The pair of NAND cells may be insulated from each other based on the buried insulating film 115. The bit line BL may be connected to the word lines WL via a string select line SSL and may be connected to a grounded CSL via a ground select line GSL. Therefore, by turning on SSL and GSL and selecting one bit line BL, it is possible to access a NAND cell arranged in one column. The detailed operation of the NAND cell is well known to those skilled in the art, and thus a detailed description thereof will be omitted.

 When the gate length W1 of the control gate electrode 140 is 1F, the width W2 of the fins 105a and 105b may be 0.25F, and the width W3 of the buried insulating film 115 may be 0.5F. . The width W4 of the device isolation layer 120 adjacent to the outer surface of each of the fins 105a and 105b constituting the pair of NAND cells may be 0.5F. Therefore, the length of a pair of NAND cells becomes 2F, based on the word line WL direction, that is, the X1 direction. In addition, the separation distance W5 of the control gate electrode 140 may be 1F. Accordingly, the length of the unit cell including one control gate electrode 140 may be 2F when viewed based on the bit line BL, that is, the X2 direction. A pair of unit cells may be connected in the X2 direction to form a pair of NAND cell structures.

Therefore, one word line WL and two bit lines BL may be included in an area of 2F × 2F. That is, a pair of unit cells may be formed in an area of 2F × 2F. Therefore, the unit cell is formed in the area of the conventional 2F X 2F, the non-volatile memory device according to the present invention can double the integration of the unit cells. That is, the pair of NAND cells separated by the buried insulating film 115 occupy the same area as one NAND cell in the related art. Therefore, when one NAND cell operates in a single level cell (SLC) scheme that stores a single bit, a 2F × 2F area is required to make 2 bits, and an area per bit may be 2F ² . As another example, when one NAND cell operates in a multi-level cell (MLC) scheme that stores two bits, an area of 2F × 2F may be required to make 4 bits, and an area per bit may be 1F ² .
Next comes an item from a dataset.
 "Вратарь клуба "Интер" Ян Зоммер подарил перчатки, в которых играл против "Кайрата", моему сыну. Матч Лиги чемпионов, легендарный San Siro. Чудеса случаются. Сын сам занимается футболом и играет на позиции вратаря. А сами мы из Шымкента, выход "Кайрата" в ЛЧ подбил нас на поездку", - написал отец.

4 through 11 are cross-sectional views illustrating a method of manufacturing a nonvolatile memory device in accordance with an embodiment of the present invention. The structure of the nonvolatile memory device according to the manufacturing method may refer to the description of FIGS. 1 to 3. 4 to 11 may be cross-sectional views taken along the X1 direction of FIG. 1, that is, II ′.
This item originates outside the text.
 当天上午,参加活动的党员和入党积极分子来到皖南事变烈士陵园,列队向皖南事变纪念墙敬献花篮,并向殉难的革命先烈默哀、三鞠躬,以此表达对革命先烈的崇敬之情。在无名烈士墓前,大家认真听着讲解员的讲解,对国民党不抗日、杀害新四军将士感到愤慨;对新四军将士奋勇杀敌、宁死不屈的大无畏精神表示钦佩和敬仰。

Referring to FIG. 4, a first insulating layer pattern 210 is formed on the semiconductor substrate 205. For example, the first insulating layer pattern 210 may be formed of a silicon oxide layer. Subsequently, a second insulating layer spacer 212 is formed on sidewalls of the first insulating layer pattern 210. For example, the second insulating layer spacer 212 may be a silicon nitride film. In more detail, the second insulating layer spacer 212 may be formed by forming a second insulating layer (not shown) and anisotropically etching it.
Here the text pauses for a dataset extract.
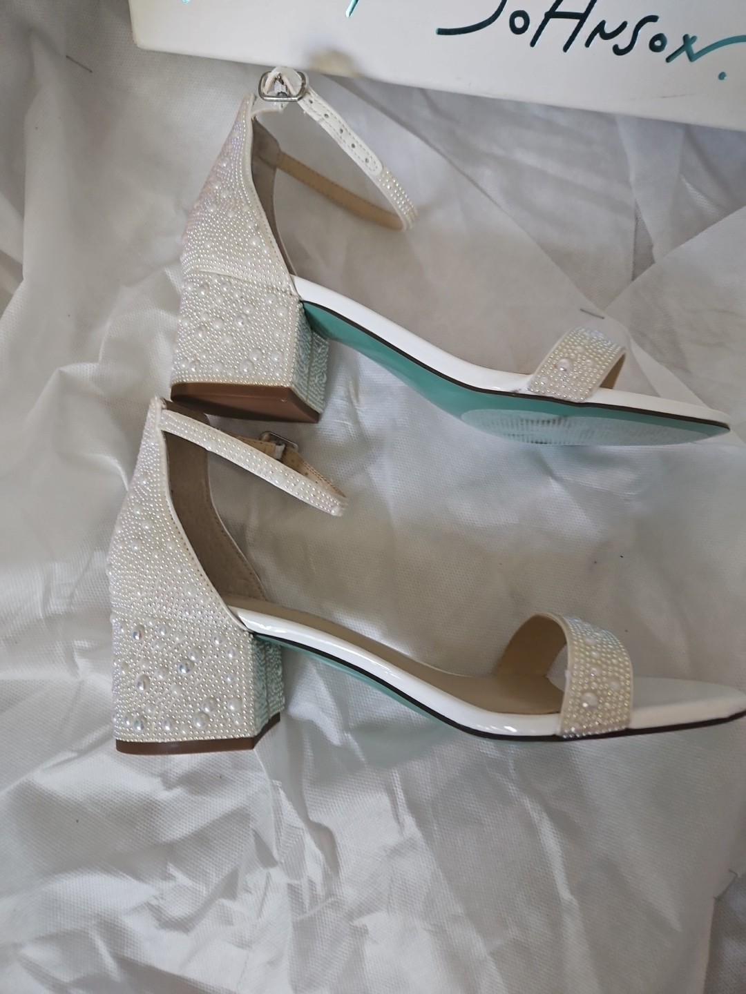 Blue by Betsey Johnson Women's Size 8M Mari Heeled Sandal Champagne White

Referring to FIG. 5, the semiconductor substrate 205 is etched using the first insulating layer pattern 210 (see FIG. 4) and the second insulating layer spacer (212 of FIG. 4) as an etch protective layer to form the first trench 215. do. For example, the width of the first trench 215 may be formed to be 0.5F based on the gate length of the control gate electrode 250 to be formed later. In this case, the gate length of the control gate electrode 250 of FIG. 11 may be 1F. Subsequently, the first insulating layer pattern 210 and the second insulating layer spacer 212 may be removed.

Referring to FIG. 6, a first photoresist pattern 220 is formed to fill a first trench 215 and extend a predetermined width onto the semiconductor substrate 205 in both directions of the first trench 215. For example, the first photoresist pattern 220 is formed by forming a photoresist layer (not shown) on the entire surface of the resultant formed with the first trench 215 and patterning the photoresist layer using photolithography and etching techniques. can do.

Referring to FIG. 7, the semiconductor substrate 205 is etched using the first photoresist pattern 220 of FIG. 6 as an etch protective film to form a second trench 222. Subsequently, by removing the first photoresist pattern 220 of FIG. 6, at least a pair of fins 210 defined in the first and second trenches 215 and 222 and protruding from the semiconductor substrate 205 are formed. Sung. The width of the fins 210 may be determined by the width that extends onto the semiconductor substrate 205 of the first photoresist pattern 220 (FIG. 6). For example, the width of the fins 210 may be 0.25F.

Referring to FIG. 8, a third insulating layer 225 filling the first and second trenches 215 and 222 of FIG. 7 is formed to define the fins 210. For example, the third insulating layer 225 may be formed by depositing a silicon oxide film on the entire surface of the product on which the fins 210 are formed, and planarizing the silicon oxide film until the fins 210 are exposed. Planarization can be carried out using etch back or chemical mechanical polishing.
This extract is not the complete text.